Tobias Watzl

Programmer, photographer, engineer.

Using the Icarus Hexo Theme without CDNs

In this post I describe how the Icarus theme for Hexo can be used without CDNs.

Tobias Watzl

6-Minute Read

So in my first posts I promised you that I will remove the dependency on external CDNs. While the deployment process of my blog still not works flawless due to some bogus JavaScript errors I managed to get at least rid of the CDNs.

Why?

External CDNs are handy, however they pose a security risk to the users. The external hoster can change the script without my knowledge and suddenly different, in the worst case malicious code is served to my users. There might be a small benefit for loading speed and size to the user, because the users browser might have the libraries cached from a previous visit of another website that included the same script, but I do not think this justifies the risk. Additionally script blockers like uMatrix block scripts from external sources per default.

Regarding the loading speed: I try to keep the number of dependencies as small as possible and try to serve as much static content as possible, so loading should be fast anyway.

Another issue is the thing which is called GDPR. While it is probably not an issue I do not want to make my users load scripts from somewhere else. Also there has been a court ruling from the ECJ a few days ago which states that a web page owner is responsible if the Facebook Like Button transmits user data. You can read more about in this news article (German).

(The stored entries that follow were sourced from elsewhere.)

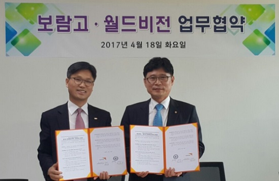 º¸¶÷°íµîÇб³, ¿ùµåºñÀü°ú ¼¼°è½Ã¹Î Çб³ ¾÷¹«Çù¾à ü°á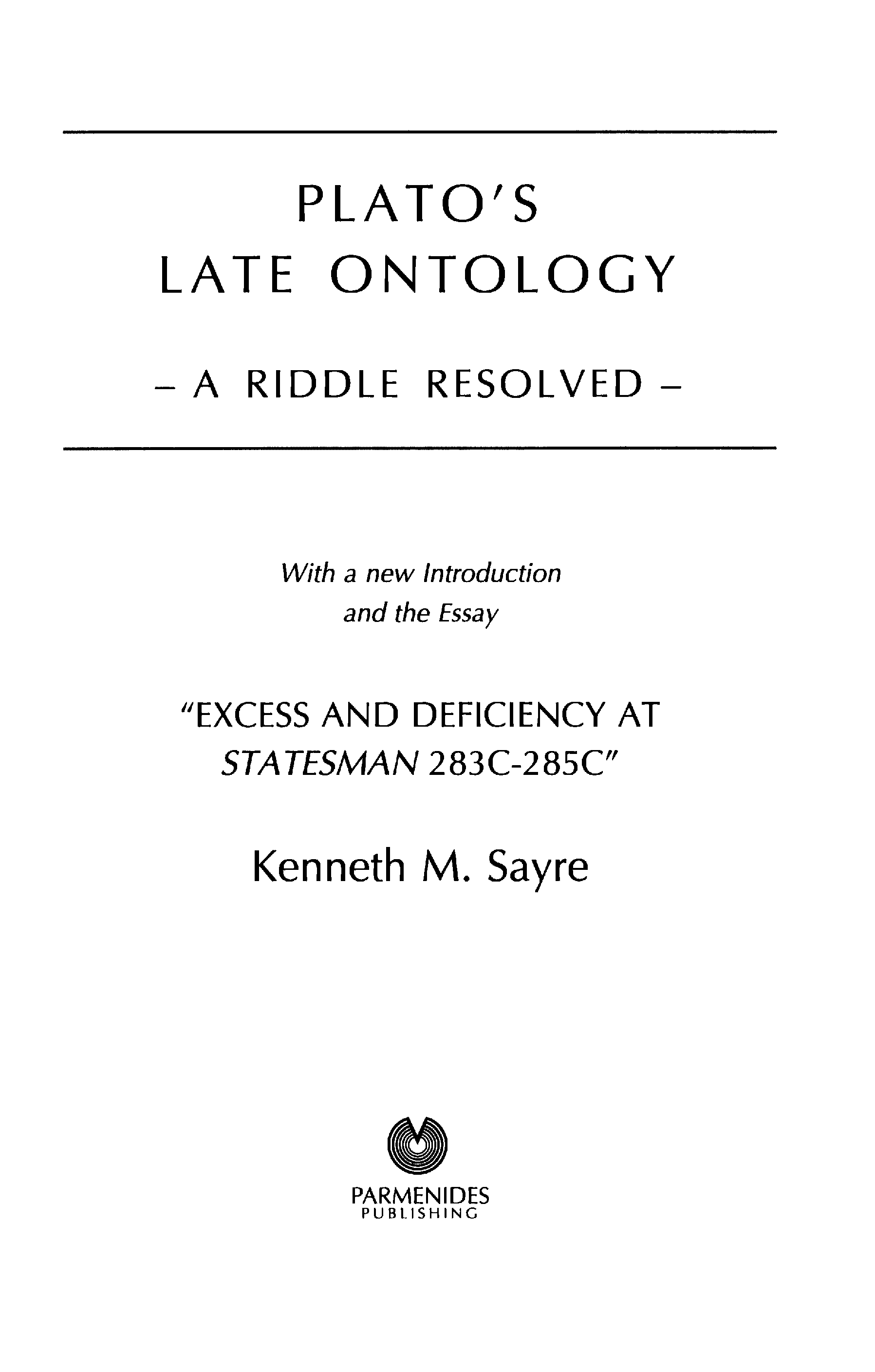"Plato's Late Ontology: A Riddle Resolved; with a new Introduction, and the Essay ''Excess and Deficiency at Statesman 283C-285C''" - читать интересную книгу автора (Kenneth M. Sayre) |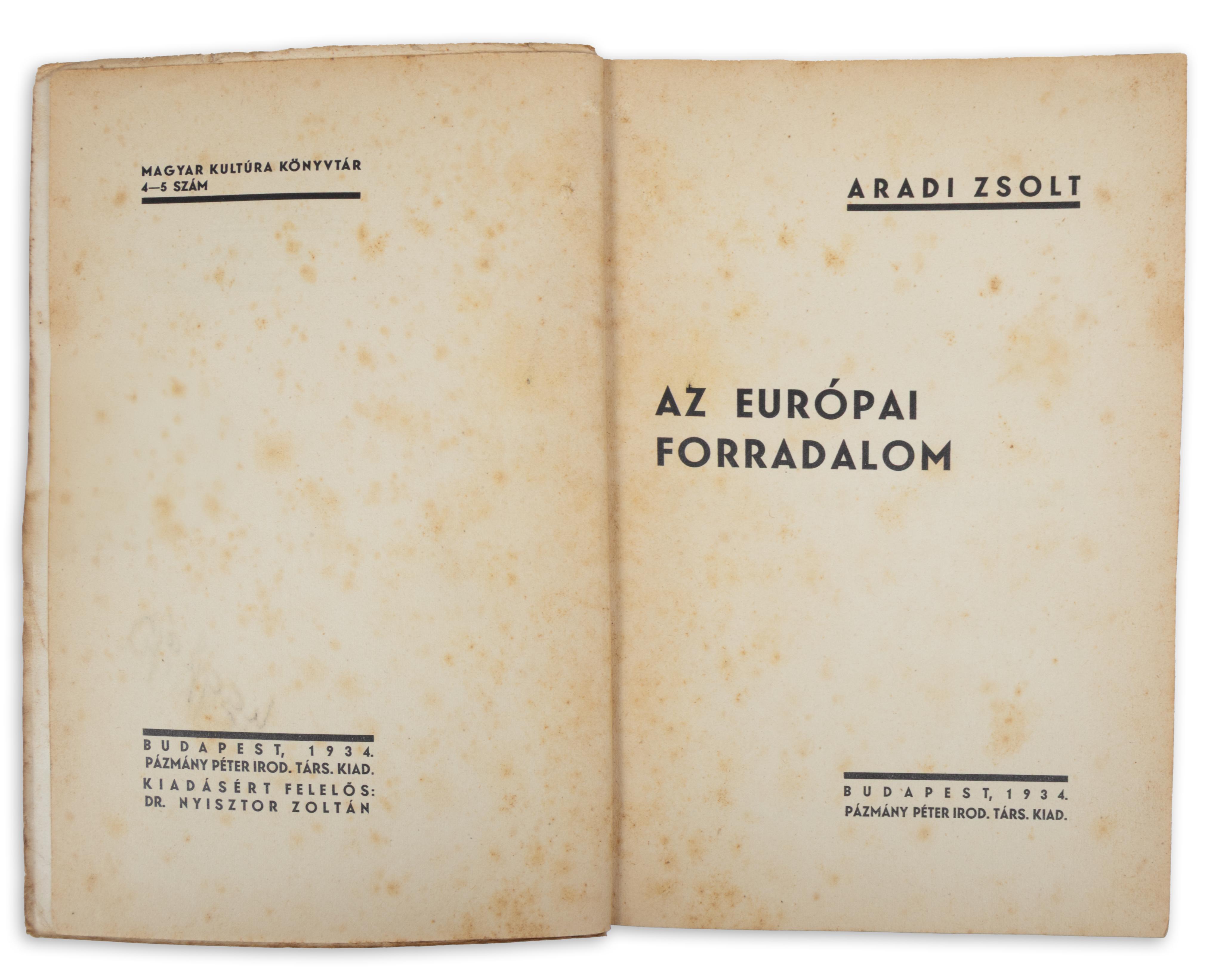 Budapest, 1934, Pázmány P. Irod. T. [Korda Rt.]Ár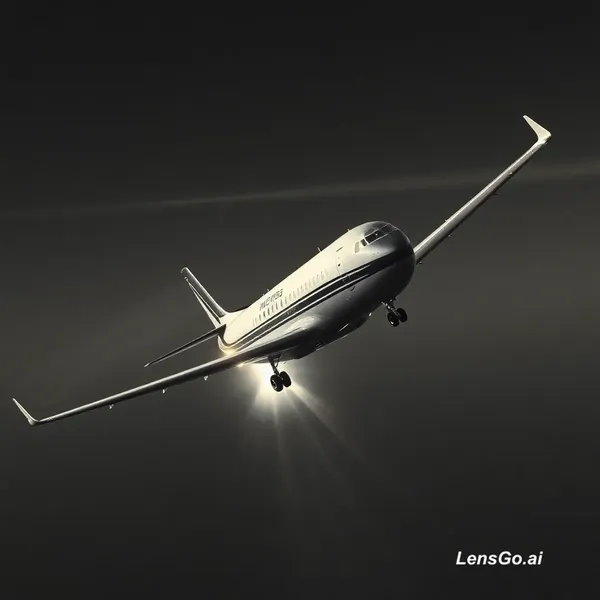 AI Image: Travelling avant rapide mais fluide vers Spotty. Avion décolle en arrière-plan avec léger flou dynam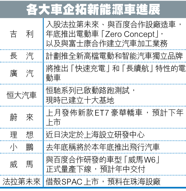 吉利控股亦努力加強代工和控股其他品牌,包括和富士康合作成立合資公司,為全球汽車及出行企業提供代工生產及客製顧問服務,也傳入股賈躍亭旗下的法拉第未來(Faraday Future,FF),據傳金額達3,000萬至4,000萬美元(約2.34億至3.12億港元),前者或有可能削弱威馬日後代工合作夥伴的選擇,後者則是利用FF品牌作副線,另開戰線,令內地新能源車更趨混戰。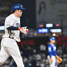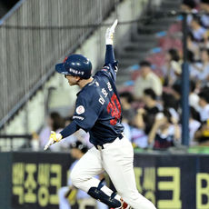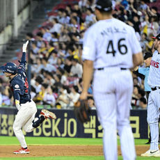 달아나는 솔로포 뽑아내며 기뻐하는 롯데 이호준

I will also have to pay attention to this issue, if I will embed Twitter or YouTube in the future.

How?

My blog setup is based on Hexo. Hexo itself provides the basis and renders all the markdown documents etc. and a theme, which has to be installed additionally, defines all the layout and stuff.

In my case I use the Icarus theme for Hexo. This theme uses CDNs by default. Hexo itself does not use any CDNs. In order to serve the scripts from my server instead of loading them from a CDN there are two steps necessary:

  1. make sure that the server serves the scripts
  2. also do this for fontawesome
  3. replace the CDN URLs in the HTML files with references to my server
  4. and finally replace the google webfonts

Step 1

The first step I managed thanks to the help of YoshinoriN who answered my question on GitHub.

So I installed webpack first using the following npm command:

npm install webpack webpack-cli copy-webpack-plugin --save-dev

then I installed all the dependencies using npm

npm i --save bulma jquery justifiedGallery lightgallery mathjax moment outdatedbrowser pace-js

I created the following webpack config

const CopyPlugin = require('copy-webpack-plugin');
const path = require('path');

module.exports = {
  plugins: [
    new CopyPlugin([
      { from: './node_modules/bulma/css/bulma.min.css', to: './libs/css/bulma.css' },
      { from: './node_modules/lightgallery/dist/', to: './libs/dist/' },
      { from: './node_modules/justifiedGallery/dist/css/', to: './libs/dist/css/' },
      { from: './node_modules/justifiedGallery/dist/js/', to: './libs/dist/js/' },
      { from: './node_modules/jquery/dist/', to: './libs/dist/' },
      { from: './node_modules/outdatedbrowser/outdatedbrowser/', to: './libs/outdatedbrowser/' },
      { from: './node_modules/moment/min/', to: './libs/min/' },
      { from: './node_modules/mathjax/unpacked/', to: './libs/unpacked/' },
      { from: './node_modules/pace-js/pace.min.js', to: './libs/pace.min.js' },
      { from: './node_modules/clipboard/dist/clipboard.min.js', to: './libs/dist/clipboard.min.js' },
      { from: './node_modules/highlight.js/styles/', to: './libs/styles/' },
    ])
  ],
  output: {
    path: path.resolve(__dirname, './public/')
  }
};

as well as an empty JavaScript file at `./src/index.js' which serves just as an entrypoint for webpack. I don’t know if there is a better way, but I could not find anything about that.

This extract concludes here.